Wednesday, March 9, 2011

Getting Past the Gates

A major part of research is getting permission from the subjects… this becomes even more difficult when the subjects are minors. Standing in the way of unrestricted access to research data are gatekeepers – when dealing with youth, gatekeepers usually present themselves in the form of adults responsible for those children. I don't think I ever truly realized that there are so many hurdles to jump when trying to permission to talk to a group of kids. Building upon my last post, I bring up the role that ethics play – as a researcher you want to make sure that you're protecting those you are studying as well as yourself. If you make sure you go through the proper channels and have all the necessary paperwork there should be no reason that you'd get in trouble with the gatekeepers involved… unless something unsettling happens during the research itself and in that case, keeping those same gatekeepers in the loop should save your tail.

Collecting research is tough on its own, and when you need to jump through hoops in order to have the opportunity to meet with potential sources of information a lot of stress is added to the shoulders of the researcher. This is why I think that being open is key, with the exception of confidentiality of responses, unless there's a pressing need with someone's safety.

In the type of research that I would like to do, I think that I will mostly be dealing with getting permission from library officials as well as the parents or guardians of the individuals who are minors. The research question that I'd like answered is one about how teen reading habits are impacted by adults' perception/definition of reading. More and more teens are reading magazines, newspapers, and online blogs and sites.
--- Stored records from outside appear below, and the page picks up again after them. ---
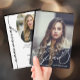 Su foto, nombre, año de graduación y la palabra Graduado en elegante letra blanca en la parte frontal, estos anuncios de graduación presentan sus detalles y otra foto en la parte posterior en cualquier fondo de COLOR que se adapte a su foto. MÁS estilos, tamaños, tarjetas de aviso, invitaciones en nuestra tienda.
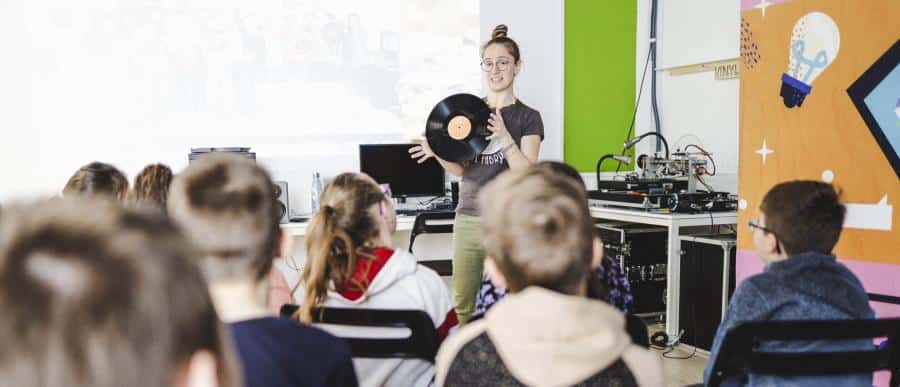 V Kulturnem inkubatorju bodo otroci na delavnici »Risanje zvoka« spoznali način ustvarjanja vinilnih plošč v VINYL FABRIKI, izvedli nekaj zvočnih eksperimentov in zapeli pesem ali celo kaj zaigrali. Njihova glasba se bo v živo zapisovala na gramofonsko ploščo, ki jo bodo odnesli s seboj v šolo.
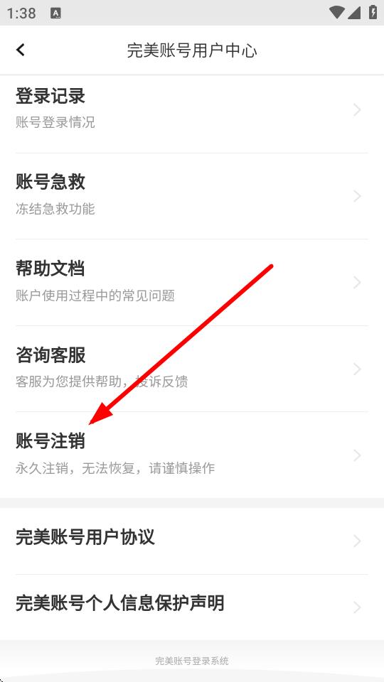 3、在完美賬號用戶中心,點(diǎn)擊賬號注銷,進(jìn)入風(fēng)險提示頁面。

These should still be considered reading. I think I would have to approach teens, their parents, and other adults that influence reading choices. I know I'd have to approach the library and its officials, local schools and their officials, teachers, parents/guardians and students themselves. I think that I would need to also present myself in a way that makes the teens see me as a person who understands that reading can come in many forms so that they see me as on their side, like Madeline Leonard states in her essay in the book Representing Youth.



References:

Leonard, M. (2007) With a capital "G": Gatekeepers and gatekeeping in research with children. In Best, A. L. (Ed.), Representing Youth: Methodological Issues in Critical Youth Studies. (pp. 133-156). New York: New York University Press.